Gracias a Dios, el momento llegó, algo antes de las once, en que los clientes se levantaron, jactanciosamente, para interpretar el estribillo final, el himno nacional, antes de dirigirse hacia las salidas y los bares. Éste era el momento en que las señoras de la zona de a pie que aún no tenían escolta, la buscaban con desesperación, y se podían incluso arreglar con un policía detective de mediana edad, con síntomas de agotamiento nervioso. Estuvo encantado de seguir el rápido movimiento de Cribb hacia el vestíbulo. ¿Iba esto a ser alguna cita con Plunkett para acordar un lugar estratégico secreto desde el que presenciar la recogida del rescate? No. El objeto de Cribb era conseguir una copia de a un penique de Exactamente, aquí estamos de nuevo.

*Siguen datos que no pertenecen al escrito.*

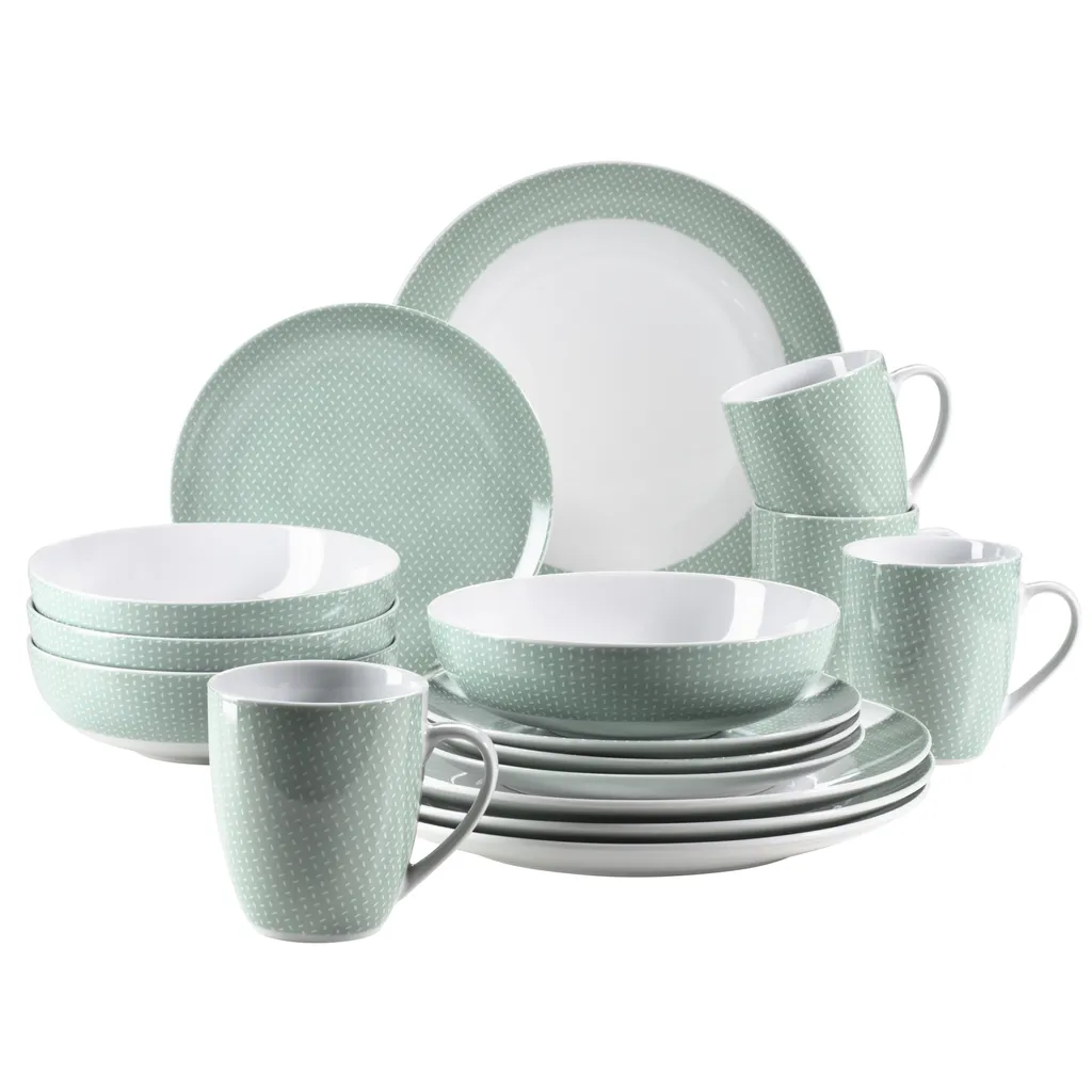 Mäser 931565 Kombiservice Kitchen Time II Für 4 Personen, Porzellan, Grün (1 Set, 16-teilig)
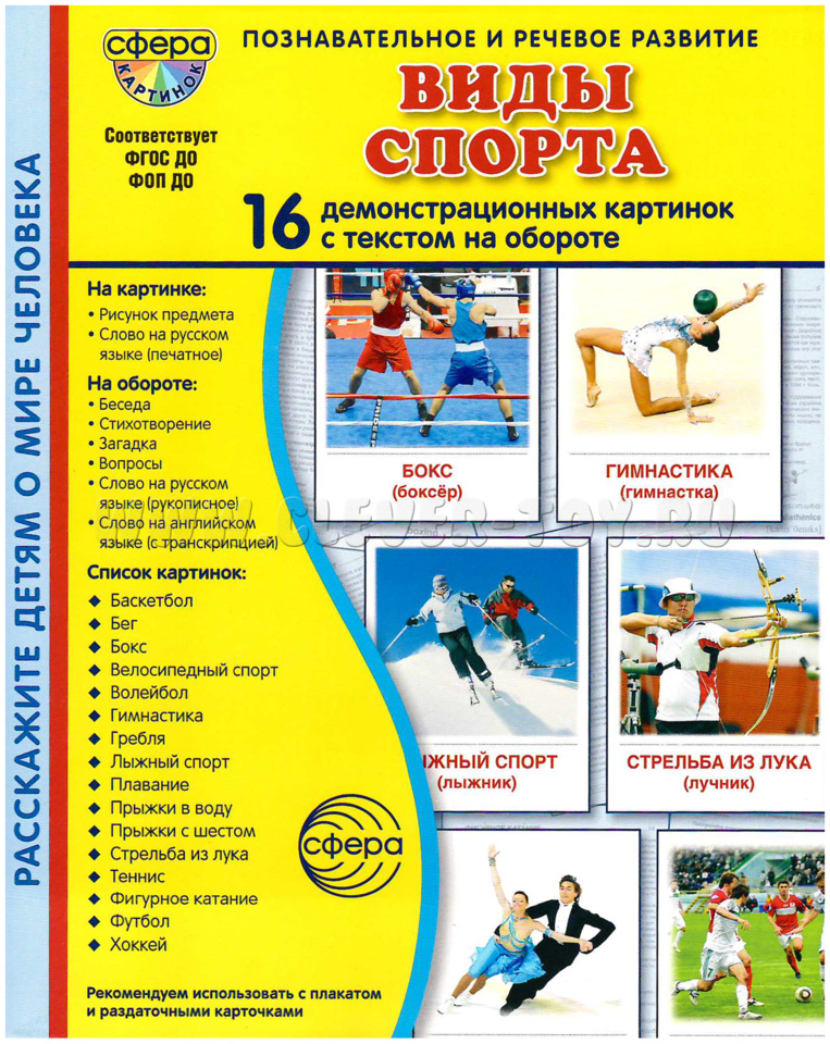 Список картинок: Баскетбол, Бег, Бокс, Велосипедный спорт, Волейбол, Гимнастика, Гребля, Лыжный спорт, Плавание, Прыжки в воду, Прыжки с шестом, Стрельба из лука, Теннис, Фигурное катание, Футбол, Хоккей.

No habían visto a Plunkett durante la función, pero no era sorprendente. Teatros adelantados a su tiempo, como el Paragon, habían prescindido de la figura del empresario sentada en medio del público; eso era parte de una tradición de suelos de arena y escupideras que, hasta muy recientemente, había limitado la asistencia a un público perteneciente a las capas más bajas de la sociedad. En lugar de eso, el empresario se colocaba en un lugar destacado del vestíbulo, al lado de un anuncio de la cartelera del espectáculo del siguiente martes, levantando su sombrero de seda ante la clase de cliente que deseaba fomentar. El pequeño ejército de vendedores de empanadas, cacahuetes, naranjas y cerillas había sido persuadido de que abordase a los clientes en las escaleras del exterior, de forma que dentro se mantuviese un cierto aire de refinamiento.
– Venga -dijo Cribb, metiéndose la hoja de su canción en un bolsillo interior-. No queremos que nos dejen aquí.
Thackeray frunció el ceño. Tenía la impresión de que el motivo para estar en el teatro era el quedarse instalados allí cuando tuviese lugar la entrega de las quinientas libras. Haciendo una señal con la cabeza en dirección a Plunkett, siguió a Cribb entre los grupos que se estaban despidiendo bajo el pórtico, más allá de la hilera de coches de alquiler que había fuera y en medio de la envolvente niebla. En medio del gentío de público que se dispersaba, tenía que estar pendiente del sombrero de hongo del sargento que iba delante. Sólo confiaba en que Cribb planease una detención dentro de la sala. En estas condiciones una persecución por las calles sería casi imposible. Se puso el embozo por encima de la boca y alcanzó a Cribb en la siguiente farola.
Un poco más allá, por la calle Victoria, doblaron para entrar en una taberna en la que el humo del tabaco era casi tan denso como la niebla del exterior. Esa noche del sábado se estaba festejando con todos los honores alrededor del piano y en la bolera de los sótanos, por el jaleo que subía desde allí.